UK market analysts Plimsoll, assesses the financial performance of the leading companies in over 1600 key industries that make up the UK economy. Their latest analysis shows that the amount of cash companies retain as a percentage of sales has risen from 14% last year to 18% this. That’s billions of pounds not being invested into capital and jobs to drive extra growth.

Usually, an environment of high profit margins, tight capacity and cheap leading would see investment surge as companies chase growth. Instead, with UK government struggling to develop a clear vision of what Brexit means, companies are storing up cash for a rainy day – even though it may never come.

According to Plimsoll, these are the industries with the biggest increase in cash being stored on companies’ balance sheets:

Industry

Cash retained (previous year)

Cash Retained (Current Year)

Percentage increase

Self-Storage

12%

25%

208%

Property Investments

25%

47%

188%

Accountants

8%

15%

188%

Business Centres

22%

41%

186%

Property & Estate Management

28%

51%

182%

Dental Practices

11%

20%

182%

Property Developers

16%

29%

181%

Day Nurseries

10%

18%

180%

Music Publishers

43%

76%

177%

Poultry

4%

7%

175%

Claims Management

15%

26%

173%

Fibreglass Moulding

11%

19%

173%

Leather Manufacturers

7%

12%

171%

Chocolate

6%

10%

167%

Mobile App Developers

21%

35%

167%

Children's Homes

11%

18%

164%

Opticians

8%

13%

163%

Estate & Letting Agents

16%

26%

163%

 

Christopher Evans, Senior Analyst at Plimsoll explains, “The companies we talk to every day have one demand - clarity. Especially those that rely on trade into and out of the EU. Without that clarity, we are seeing UK businesses building a financial buffer to see them through. Sadly, cash hoarding is deferred investment into the UK economy and with it lost GDP growth and sadly new jobs”.

“A soft Brexit with full customs union and single market access would probably see this wave of locked up cash flood into the economy with an immediate lift in investment and a resulting surge in GDP growth”.

“A hard Brexit would see UK companies relying on those cash reserves to see them over a very uncertain period of disruption.
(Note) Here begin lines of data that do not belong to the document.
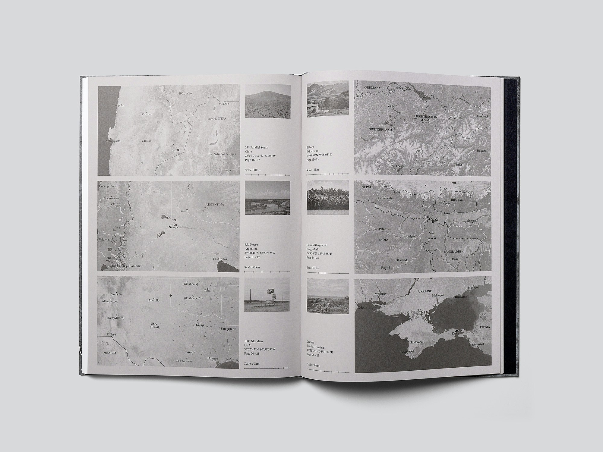 Ce livre de photographie de grand format à la couverture rigide gris argent, qui compte un peu plus de 100 pages, convainc par sa manière aussi systématique qu’extraordinaire d’organiser les rapports entre texte et image. Les photographies couleur, souvent immatérielles, montrent d’anciennes zones frontalières de par le monde que le photographe suisse Roger Eberhard est allé visiter. Les reproductions sont placées soit sur la droite soit sur la gauche d’une double page et occupent toute la largeur du miroir de page. Sur les pages en regard, des indications sommaires sur le pays et le lieu, une date, le folio ainsi que des explications succinctes du photographe sont rigoureusement agencées de manière à refléter le miroir de page et le format de l’image. Cet agencement fournit non seulement un excellent système de navigation mais donne également aux pages textuelles l’aspect de légendes cartographiques. L’espace créé par la page du livre entre ainsi en dialogue avec l’espace du paysage photographié, l’un comme l’autre paraissent également vides et laissent une large place à l’imagination. Dans l’index des illustrations qui s’étend sur 15 pages de papier gris non couché en fin d’ouvrage, chaque image est reproduite en noir et blanc et accompagnée d’un agrandissement de carte géographique situant le lieu de la photo.
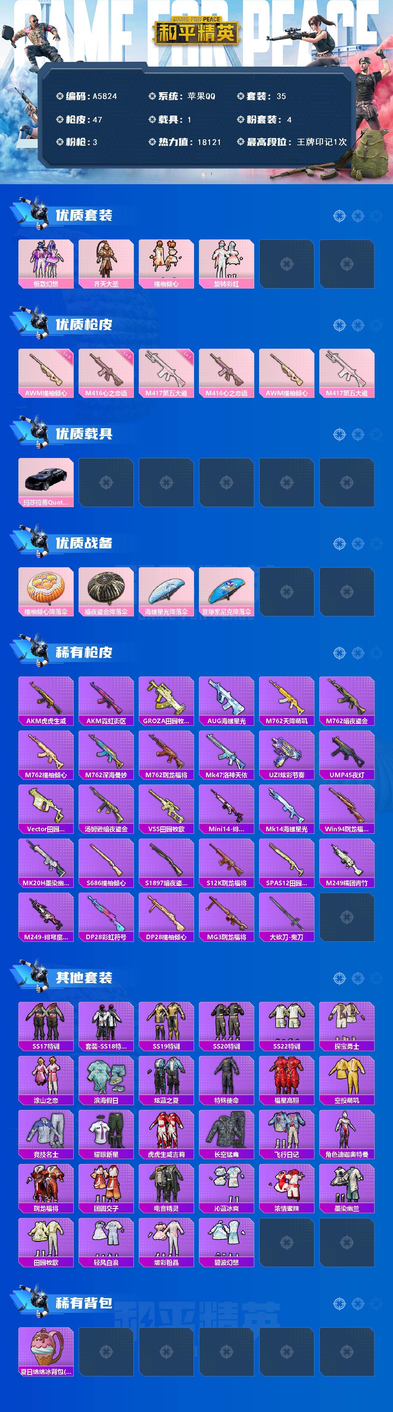 [16427808]苹果【小号 m416-心之恋语五级/极致幻想/齐天大圣】 手q-4粉装-3特效呛-1载具-0粉色飞行器-18121热力值-1王牌印记-35套装-47呛皮 【粉色套装】:粉装-极致幻想,粉装-齐天大圣,粉装-橘柚倾心,粉装-旋转彩虹 【粉色呛皮等级】:m416-心之恋语五级,awm-橘柚倾心五级,m417-第五大道一级 【粉色载具】:玛莎拉蒂quattropte(夜幕蓝) 【粉色呛皮】:m416-心之恋语,awm-橘柚倾心,m417-第五大道 【粉色降落伞】:橘柚倾心降落伞,暗夜鎏金降落伞,海螺星光降落伞,音爆索尼克降落伞 【稀有呛皮】:akm-虎虎生威,akm-霓虹街区,groza-田园牧歌,aug-海螺星光,m762-天降萌叽,m762-暗夜鎏金,m762-橘柚倾心,m762-深海曼妙,m762-瑞龙福将,mk47-洛神天依,uzi-炫彩节奏,ump45-夜灯,vect-田园牧歌,汤姆逊-暗夜鎏金,vss-田园牧歌,mini14-绯穹魔姬,mk14-海螺星光,win94-瑞龙福将,mk20-h-墨染幽兰,s686-橘柚倾心,s1897-暗夜鎏金,s12k-瑞龙福将,spas-12-田园牧歌,m249-糯团青竹,m249-绯穹魔姬,dp-28-彩虹符号,dp-28-橘柚倾心,mg3-瑞龙福将,大砍刀-鬼刀 【其他套装】:套装-ss17特训,套装-ss18特训,套装-ss19特训,套装-ss20特训,套装-ss22特训,套装-探宝勇士,套装-涂山之恋,套装-滨海假日,套装-炫蓝之夏,套装-特殊使命,套装-福星高照,套装-空投萌叽,套装-竞技名士,套装-耀眼新星,套装-虎虎生威吉莉,套装-长空猛禽,套装-飞行日记,角色-迪迦奥特曼,套装-瑞龙福将,套装-团圆交子,套装-电音精灵,套装-沁蓝冰爽,套装-浓情蜜辣,套装-墨染幽兰,套装-田园牧歌,套装-轻风白浪,套装-熠彩粉晶,套装-碧波幻想 【稀有背包】:夏日绵绵冰背包2级 【营地id】:776827386
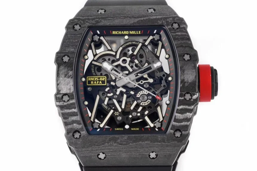 ABD (All Black Department) an internationally renowned Richard retrofit plant, to launch the ultimate version of RM35-02. 1. It took four years, the only RM copy with the original open mold; 2. The use of RM original NTPT carbon fiber to create an all-carbon case, NTPT carbon flower cloud pattern, waves, are through the ABD shellmaker’s hand-polished decoration, the upper hand state invincible; 3. The whole table and the original assembly structure consistent; 4. All through 3 bar waterproof detection; Custom version of RMUL3 movement, hair box and gears move with the adjustment; Richard 035 glass, glue rings on the head, rubber straps, titanium buckles can be used in the original.Rubber Strap, SWISS Tourbillon Manual Winding
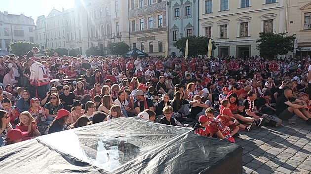 Fanoušci hokejových Pardubic se schází na Pernštejnském náměstí. (29. dubna 2025)
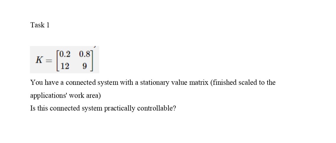 Task 1 , 0.2 0.8 K = 12 9 You have a connected system with a...
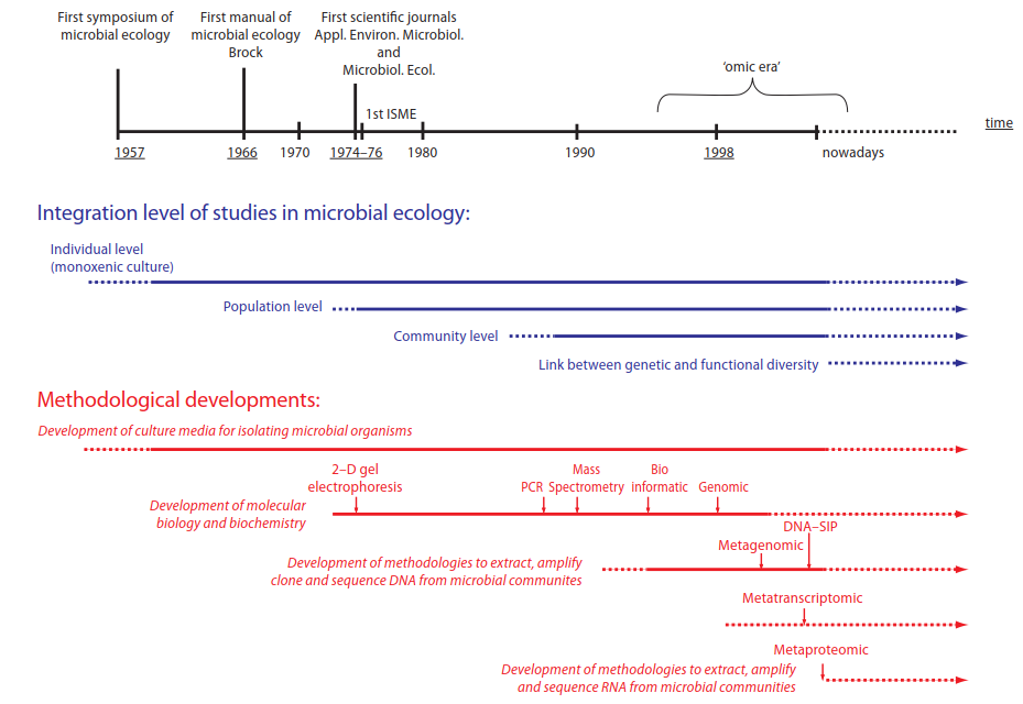 Fig. 7.1: Historical and salutatory evolution of microbial ecology (from Maron etal, 2007)
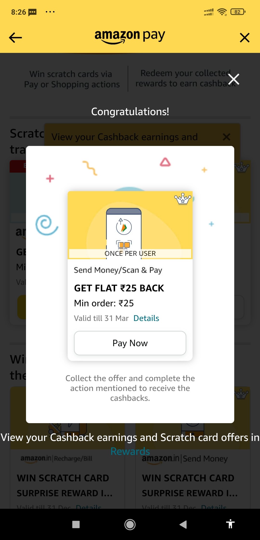 Collect Cashback offer Get flat 25₹ on sending money of 25₹
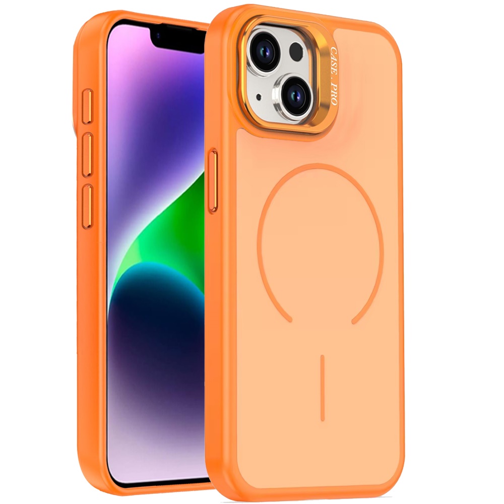 For iPhone 13/14 Premium Matte Magnetic Metal Camera Stand Hybrid Case - Cosmic Orange
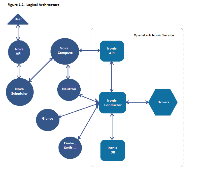 目前,在OpenStack体系结构中,Ironic还是通过Nova来调用的,模拟Nova的一个虚拟化驱动(其它的虚拟化驱动还有KVM、VMware、Xen等),实现基于Ironic的虚拟化驱动。
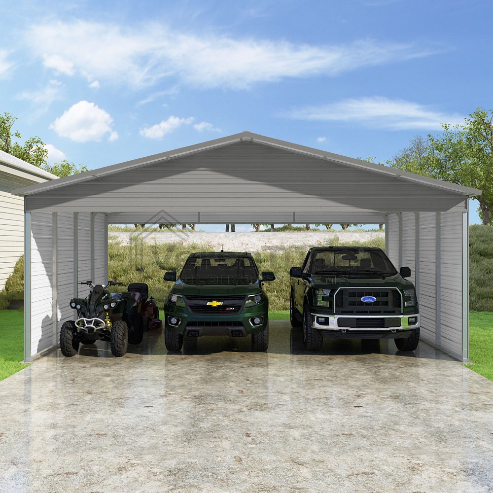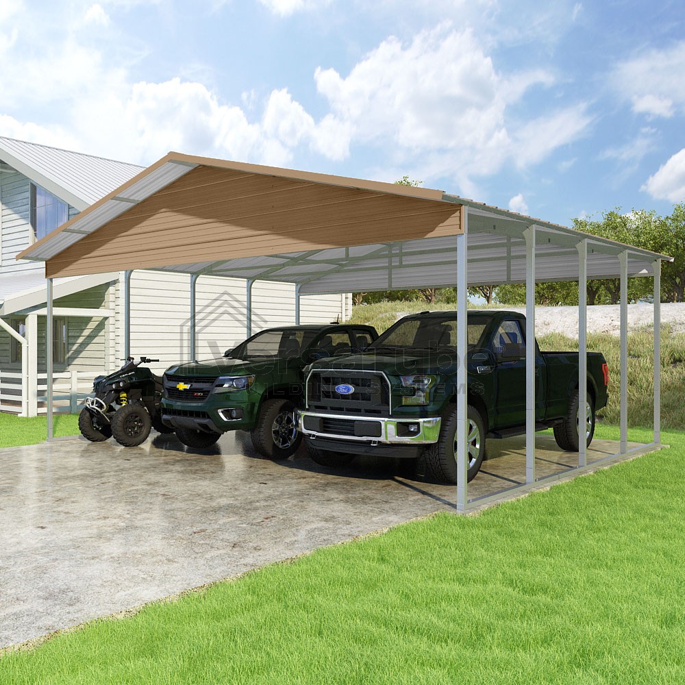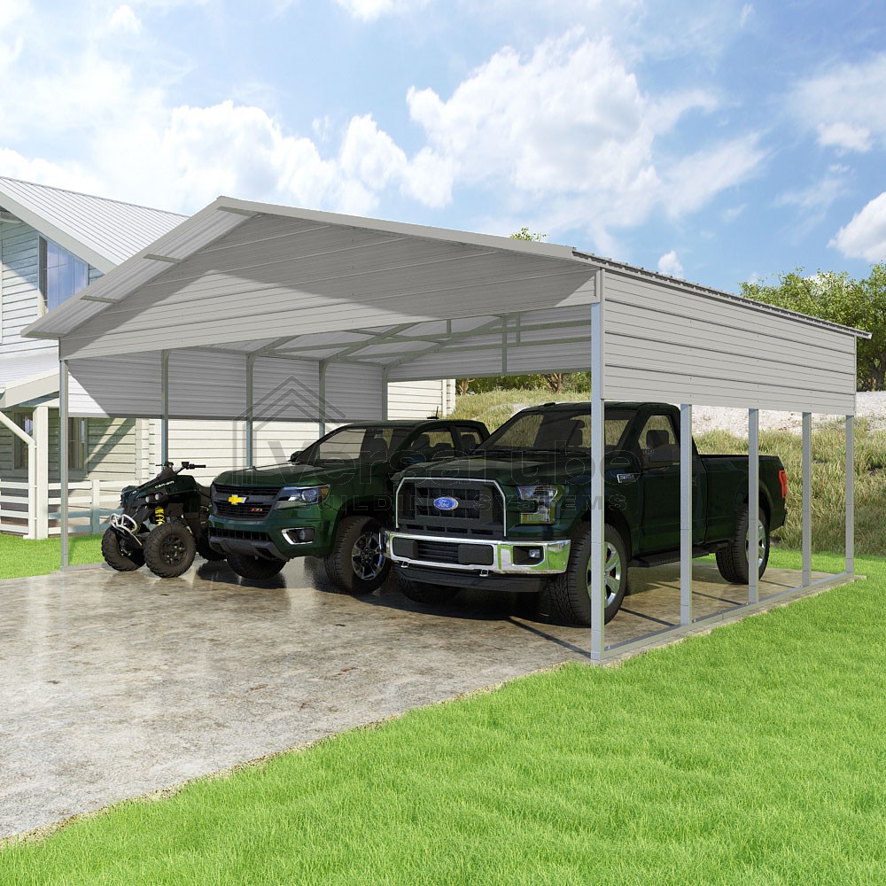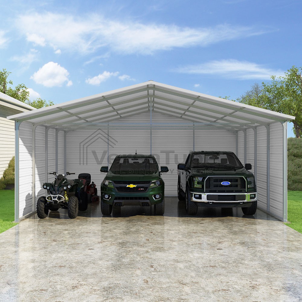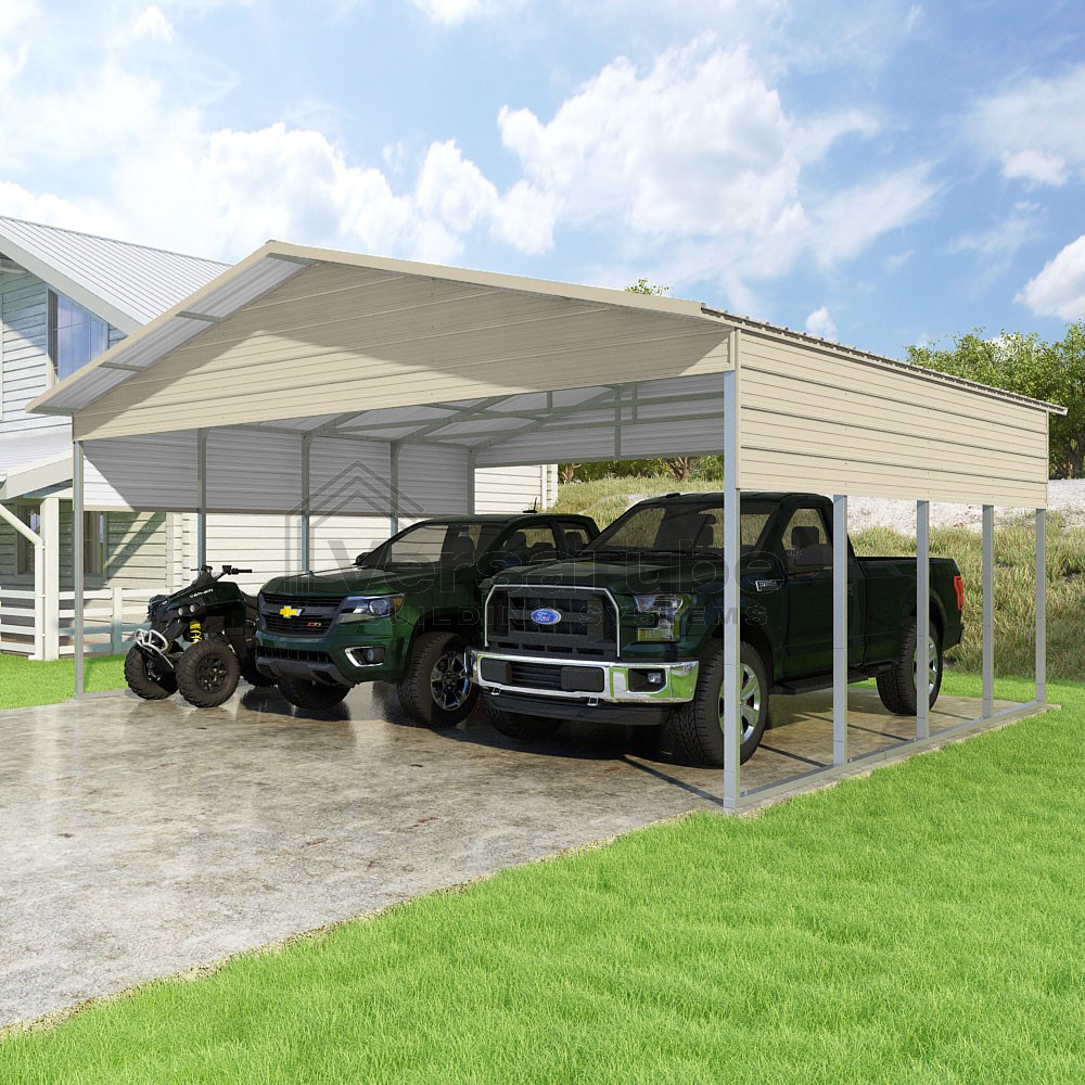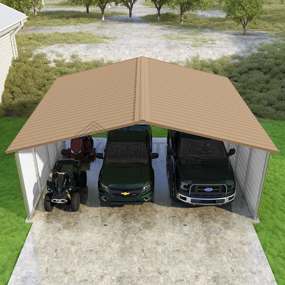 Pinnacle Series DIY carport kit features vertical sheet metal roof panels with ridge cap, gable and eave trim for an A-frame roof style and extended coverage on both ends.

How long those reserves will need to last depend on what the actual costs and benefits of leaving the EU turn out to be. If it’s the bright new future of Global trading and new opportunities offered by leading Brexiteers then companies will have plenty of cash to invest and recalibrate their businesses accordingly”.

“If it’s the doomsday scenario feared by Remainers, the cash reserves already squirreled away aren’t going to be anywhere near enough for a great swathe of the UK’s companies”.